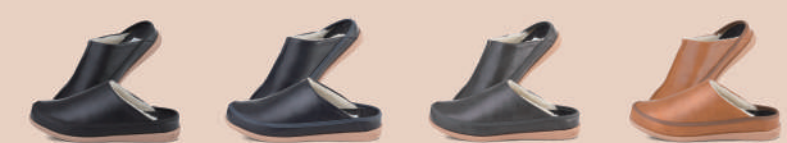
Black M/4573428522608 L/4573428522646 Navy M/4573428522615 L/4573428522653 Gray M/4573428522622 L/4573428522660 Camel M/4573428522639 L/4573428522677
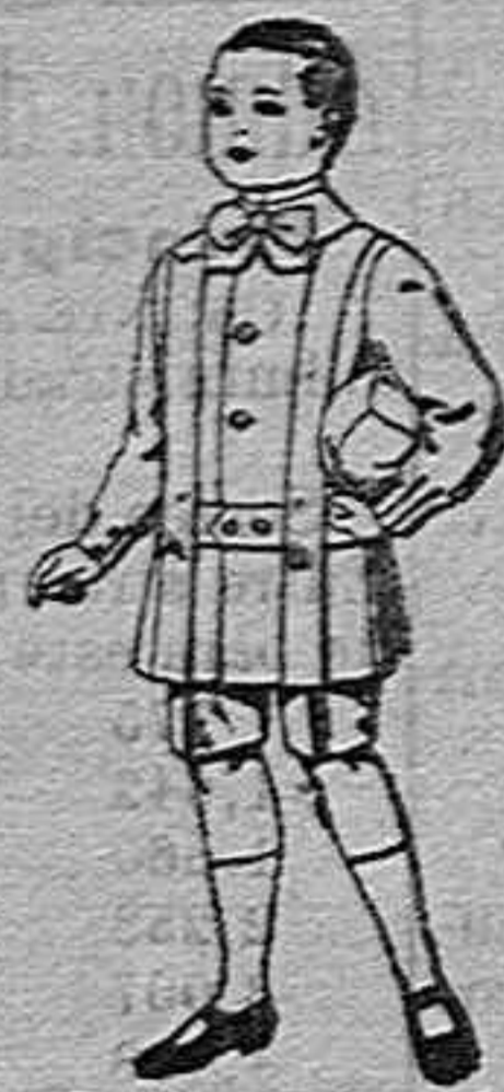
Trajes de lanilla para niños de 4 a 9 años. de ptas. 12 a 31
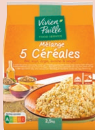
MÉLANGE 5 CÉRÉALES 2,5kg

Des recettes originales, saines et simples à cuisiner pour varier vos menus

## Action item
When you restate the listing, keep every word as it is and drop the pictures.

## Expected answer
Black M/4573428522608 L/4573428522646 Navy M/4573428522615 L/4573428522653 Gray M/4573428522622 L/4573428522660 Camel M/4573428522639 L/4573428522677
Trajes de lanilla para niños de 4 a 9 años. de ptas. 12 a 31
MÉLANGE 5 CÉRÉALES 2,5kg

Des recettes originales, saines et simples à cuisiner pour varier vos menus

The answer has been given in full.